## Problem statement
Retype the listing exactly; omit pictures.

## Provided material
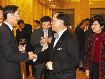 香港特首曾蔭權(quán)在致辭時(shí)指出,香港得到中央的鼎力支持,配合全港市民的努力,當(dāng)外圍情況回穩(wěn),香港相信會是最先走出衰退的地方之一!拔覒┱埜魑蝗舜蟠怼⒄䥇f(xié)委員全力支持特區(qū)政府,同心攜手,克服困難!
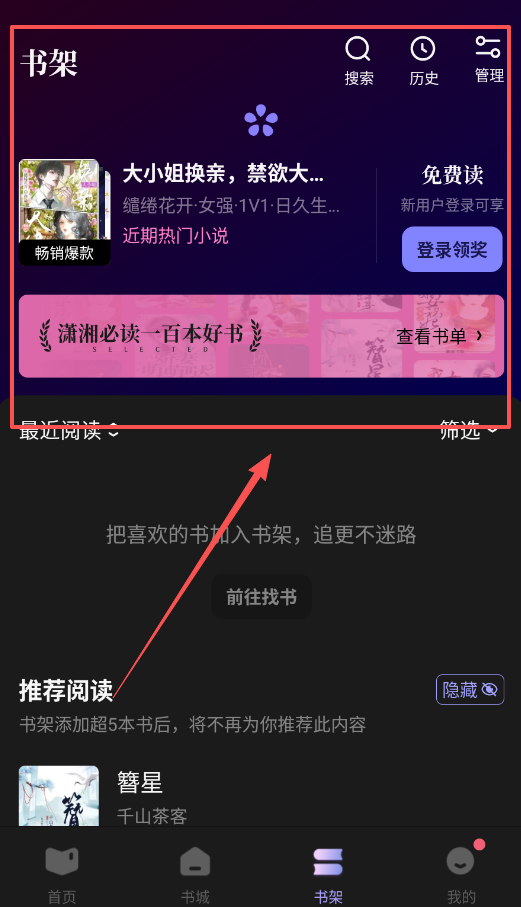 3、阅读过程中别忘了使用书架功能,把好书收藏起来便于长期追更,书架满了之后系统会自动优化推荐显示方式。
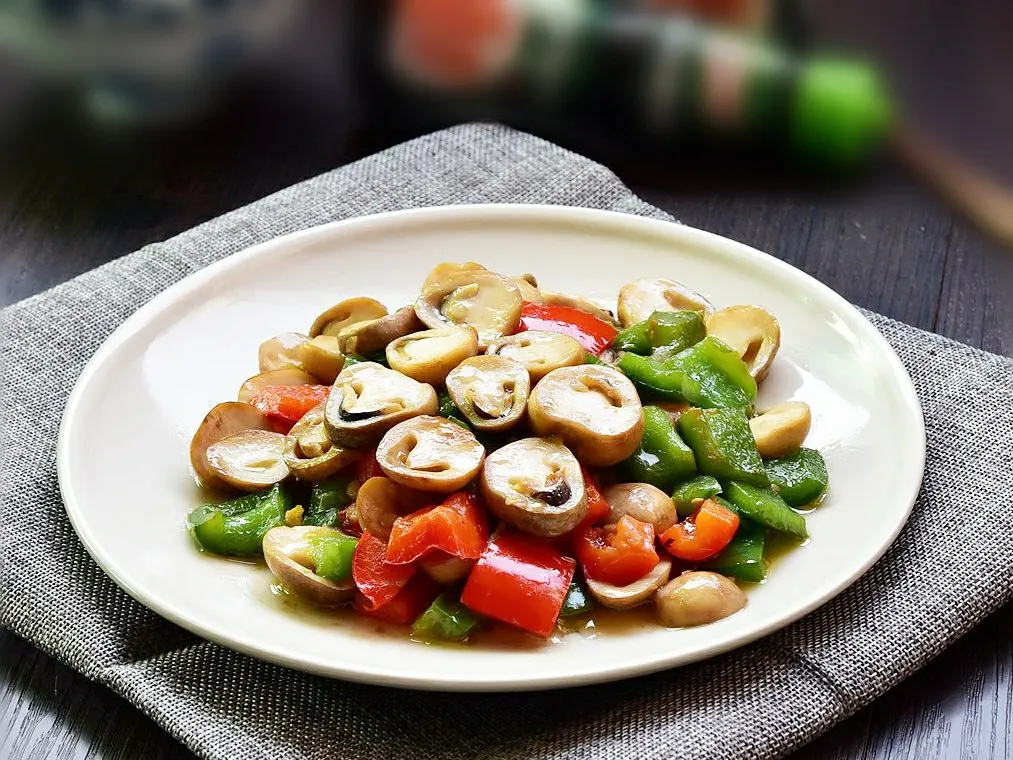 3. 倒入青、红椒炒,加入生抽,适量的水和盐煮开;

## Solution to the problem
 香港特首曾蔭權(quán)在致辭時(shí)指出,香港得到中央的鼎力支持,配合全港市民的努力,當(dāng)外圍情況回穩(wěn),香港相信會是最先走出衰退的地方之一!拔覒┱埜魑蝗舜蟠怼⒄䥇f(xié)委員全力支持特區(qū)政府,同心攜手,克服困難!
 3、阅读过程中别忘了使用书架功能,把好书收藏起来便于长期追更,书架满了之后系统会自动优化推荐显示方式。
 3. 倒入青、红椒炒,加入生抽,适量的水和盐煮开;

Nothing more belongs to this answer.